6 Table 6.1 shows some values of \(x\) and the associated values of a function, \(y = f ( x )\).
\begin{table}[h]
\captionsetup{labelformat=empty}
\caption{Table 6.1}
| \(x\) | 1.5 | 1 | 2 |
| \(\mathrm { f } ( x )\) | 0.84089 | 1 | 1.18921 |
\end{table}
- Explain why it is not possible to use the central difference method to calculate an estimate of \(\frac { \mathrm { dy } } { \mathrm { dx } }\) when \(x = 1\).

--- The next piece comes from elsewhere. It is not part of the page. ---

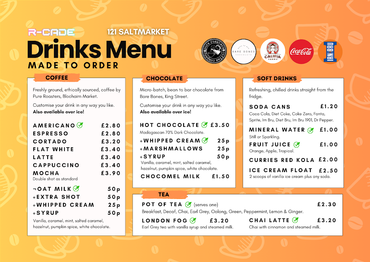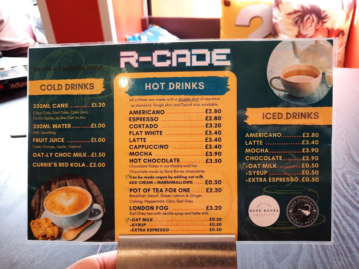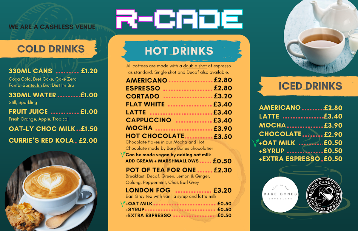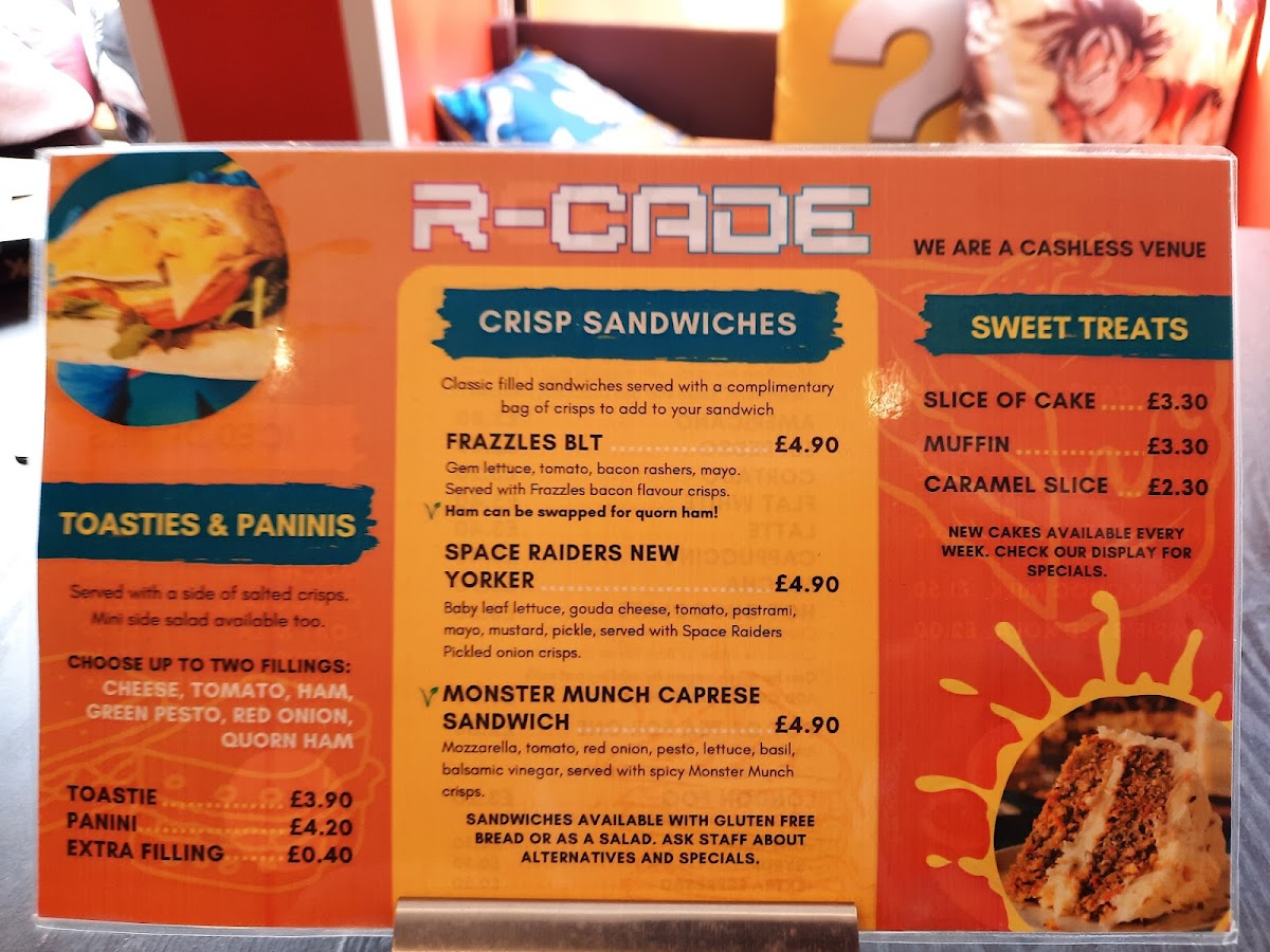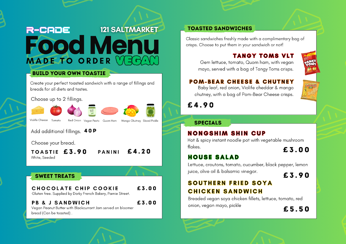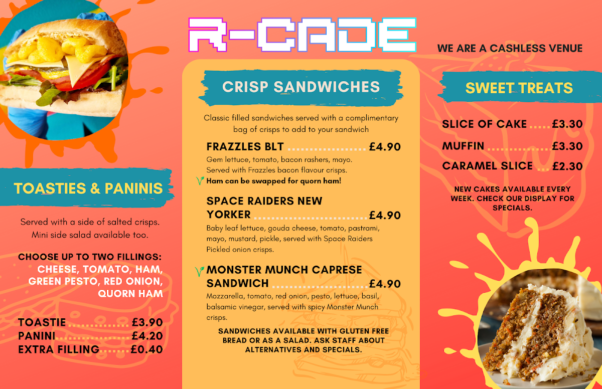 Welcome to R-CADE, an exciting café located in the heart of Glasgow at 121 Saltmarket. This vibrant venue is perfect for gamers and foodies alike, featuring a menu that delights the senses while offering a unique gaming experience. Highlights include the Frazzles VLT Sandwich, a delicious buttered sandwich filled with fresh lettuce, tomato, cucumber, vegan mayo, and quorn ham, complemented by a packet of Bacon Fries for that extra crunch—all for just £4.00. Equally enticing is the Space Raiders New Yorker, a buttered ciabatta (or bagel) loaded with pastrami, gouda, and pickle, paired with crunchy Space Raiders for just £4.50. The atmosphere buzzes with energy and nostalgia as families and friends engage in countless video and board games. With friendly staff dedicated to creating a welcoming environment, R-CADE is not just a meal; it's a playful culinary experience. Don’t miss this gem when you’re in town!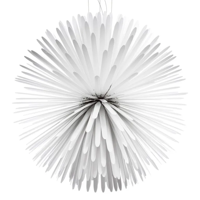 Sun – Light of Love är en iögonfallande pendellampa som designats av Tord Boontje och tillverkats av det italienska belysningsmärket Foscarini. Som namnet antyder inspirerades Sun – Light of Love av solens kraft: dess fasta LED-enhet omges av en sfär av tunna metallremsor som låter ljuset flöda igenom den på ett häpnadsväckande och samtidigt poetiskt sätt. Den stora, djärva lampan kommer att se fantastisk ut, till exempel ovanför matbordet eller i vardagsrummet.

- Use the forward difference method to calculate an estimate of \(\frac { \mathrm { dy } } { \mathrm { dx } }\) when \(x = 1\).
A student uses the forward difference method to calculate a series of approximations to \(\frac { \mathrm { dy } } { \mathrm { dx } }\) when \(x = 2\) with different values of the step length, \(h\).
These approximations are shown in Table 6.2, together with some further analysis.
\begin{table}[h]
\captionsetup{labelformat=empty}
\caption{Table 6.2}
| \(h\) | 0.8 | 0.4 | 0.2 | 0.1 | 0.05 | 0.025 | 0.0125 | 0.00625 |
| approximation | 0.130452 | 0.138647 | 0.143381 | 0.145942 | 0.147277 | 0.147959 | 0.148304 | 0.148477 |
| difference | | 0.008195 | 0.004734 | 0.002561 | 0.001335 | 0.000682 | 0.000345 | 0.000173 |
| ratio | | | 0.577633 | 0.541099 | 0.521186 | 0.510762 | 0.505424 | 0.502723 |
- Explain what the ratios of differences tell you about the order of the method in this case.
- Comment on whether this is unusual.
- Determine the value of \(\frac { \mathrm { dy } } { \mathrm { dx } }\) when \(x = 2\) as accurately as possible. You must justify the precision quoted.